ヘアゴムや紐などは、猫ちゃんにとっては魅力的なおもちゃに見えてしまいますが、飲み込んでしまうと命に関わることもあります。
そのため、1日に複数回の嘔吐が見られる場合は、早めの受診を心がけると安心です🍀

症例② 原因不明の食欲不振

元気いっぱいの盛りである1歳♂のMIX犬くん。
ところが、「食欲が落ちて、吐いてしまう」とのことで当院を受診されました。

まずは全身の状態を把握するために、血液検査とレントゲン検査を・・・。
しかし、結果は意外にも「大きな異常なし」。

一般的に「異常がない」ことは本来喜ばしいことなのですが、
愛犬の食欲不振や嘔吐が心配な飼い主様にとっては、かえって「原因がわからない」という不安につながってしまうこともあります😥

一度は吐き気止めや胃薬を処方し、経過を慎重に見守りましたが、
なかなかスッキリとした改善が見られませんでした。

「何か見落としている原因があるのかもしれない」
「もしかしたら、異物を飲み込んでしまっているのかも…」

といった不安もつきまといます。
そこで飼い主様とご相談を重ね、より詳しくお腹の中の状態を確認するため、後日、内視鏡検査を実施することになりました。
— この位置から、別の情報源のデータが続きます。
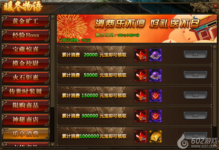 1.活动期间,玩家累计消费满足要求,可以领取境界修为、本职业星石、传世灵戒等相应奖励;
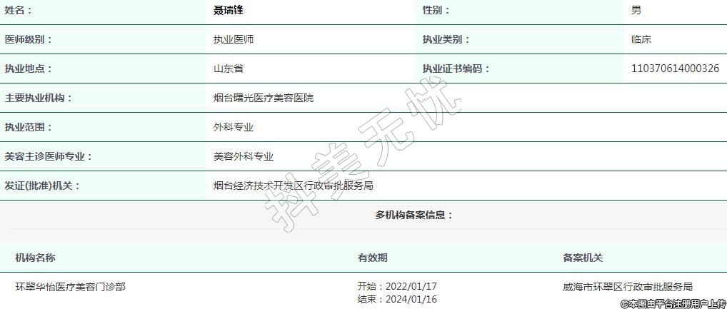 煙臺曙光醫(yī)療美容執(zhí)業(yè)醫(yī)師
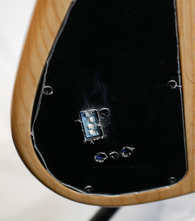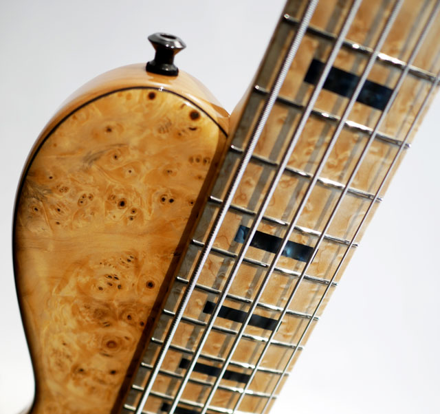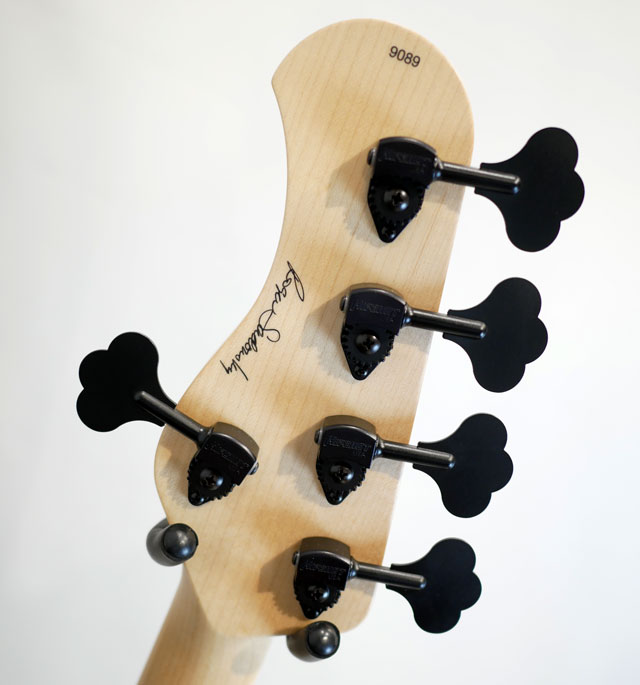 チェンバー構造のバックアイバールトップ&アッシュバックのラミネイトボディ。ボルトオン構造のメイプルネック/バーズアイメイプル指板。ブロックインレイはブラックパールにてオーダー致しました。ピックアップはSadowskyハムキャンセルJ-BASS & DCの組み合わせです。リアのDCピックアップは手元のスイッチとリンクしており、稼働コイルを3パターンから選択可能ですのでサウンドバリエーションも多彩です。プリアンプはWill Lee Preampをセレクト、ミッドブーストが搭載されております。
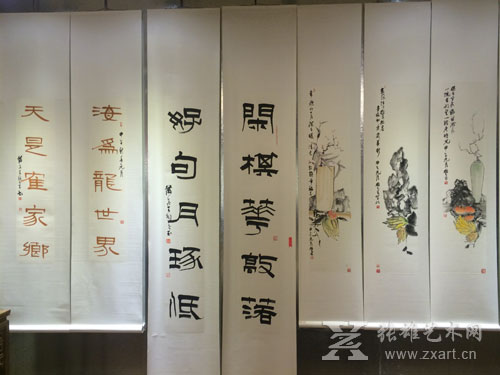 一进入展厅,记者就看到展厅中悬挂着多幅充满禅意的国画作品。王璧接受张雄艺术网采访时说到“画画最终的目的是讲究精神食粮,讲究意境。要用绘画传达思想,靠绘画说话。”“土楼、民居在早晨阳光照射下,它有种宁静的美,幽静的美,它是一种梦,一种中国梦,一种禅梦。我们要看到阳光,看到光明,要有美的意境。”
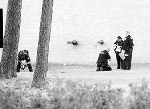 1月22日,在美国得克萨斯州休斯敦北部的孤星学院,调查人员在枪击案现场取证。

内視鏡で胃から十二指腸にかけてじっくりと確認したところ、以下のような状態が見つかりました。

食道の様子

食道: きれいで異常はありませんでした。

胃(幽門部)の様子

胃の幽門部(胃の出口): わずかに粘膜に点状の出血があり、軽い炎症が見られました。
(ところどころに見られる、赤いポツポツです)

十二指腸の様子

十二指腸付近: こちらも、軽度の炎症が確認されました。


幸い、重い病気や腫瘍、異物の誤飲といった深刻なトラブルは見つかりませんでした😣💦
今回の症状は、この「胃や十二指腸のちょっとした炎症」が原因だったようです。
私たち人間でいう「胃荒れ」に近い状態です。

「悪い病気ではなかった」ということがはっきり分かり、飼い主様もホッと胸をなでおろされていました。
引き続き胃粘膜を保護するお薬などでケアを続けながら、ゆっくりと回復を支えていくことで、
徐々に元気を取り戻したようです🐶✨

言葉を話せないワンちゃんネコちゃんだからこそ、
複数の検査を組み合わせて、総合的に身体の状態を把握することがとても大切です😊
「いつもと違うな」と感じたら、気軽に動物病院を頼ってくださいね。

③ 子猫ちゃんの異物誤飲|やんちゃ盛りゆえに💦

最後は、生後7ヶ月の女の子の猫ちゃんのケースをご紹介します。

「卵パックのテープを食べたかも…」
というご相談を飼い主様からいただきました。

生後7ヶ月という遊び盛りの時期。
キラキラしたものや、カサカサ音のするテープなどは、子猫ちゃんにとって魅力的なおもちゃに見えてしまうことがあります😥

さっそく検査を行いましたが、実はここが難しいポイントです。
プラスチック製の薄いテープやラップなどは、レントゲンやエコー検査ではっきりと映らないことが多々あります。
画像検査で異常が出なくても、飼い主さんの「食べたかもしれない」という疑いや、本人の様子を考慮して慎重に判断する必要があります。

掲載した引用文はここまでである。